The binder resin preferably contains the crystalline resin in an
amount of 10% by mass or more, more preferably 20% by mass or more,
still more preferably 30% by mass or more, relative to the total
amount of the binder resin.
A kind of the binder resin is not particularly limited and may be
appropriately selected depending on the intended purpose, and the
crystalline resin may be used in combination with a non-crystalline
resin. Note that, it is preferable that a resin obtained by
controlling composition of monomer and degree of polymerizing
monomers be used so as to reduce an amount of volatile components
volatilized by applying heat at 250.degree. C. or less.

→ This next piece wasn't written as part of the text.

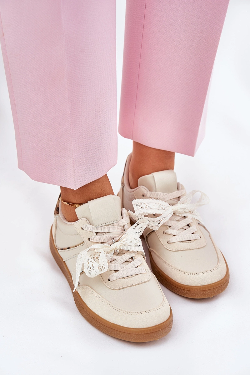 Niskie Sneakersy Damskie Z Koronką Panterka Beżowe Zielle

In the present invention, the "crystalline" is defined to as a
substance in which atoms and molecules are spatially arranged so as
to have a repeated pattern, and to as a substance exhibiting a
diffraction pattern by a general X-ray diffraction device.
The crystalline resin is not particularly limited and may be
appropriately selected depending on the intended purpose, so long
as it has crystallinity. Examples thereof include a polyester
resin, a polyurethane resin, a polyurea resin, a polyamide resin, a
polyether resin, a vinyl resin, and a modified crystalline resin.
These may be used alone or in combination thereof. Among them, a
polyester resin, a polyurethane resin, a polyurea resin, a
polyamide resin, and a polyether resin are preferable, a resin
having at least one of a urethane skeleton and a urea skeleton is
more preferable, a straight chain polyester resin and a composite
resina containing the straight chain polyester resin are
particularly preferable.
As the resin having at least one of a urethane skeleton and a urea
skeleton, the polyurethane resin, the polyurea resin, a
urethane-modified polyester resin, and a urea-modified polyester
resin are favorable. The urethane-modified polyester resin is a
resin obtained by reacting a polyester resin having an isocyanate
group at a terminal with polyol. The urea-modified polyester resin
is a resin obtained by reacting a polyester resin having an
isocyanate group at a terminal with amines.
A maximum peak temperature of melting heat of the crystalline resin
is preferably 45.degree. C. to 70.degree. C., more preferably
53.degree. C. to 65.degree. C., still more preferably 58.degree. C.
to 62.degree. C., in terms of both low temperature fixing ability
and heat resistant storage stability. When the maximum peak
temperature thereof is within a range from 45.degree. C. to
70.degree. C., the toner can be excellent in low temperature fixing
ability and heat resistant storage stability.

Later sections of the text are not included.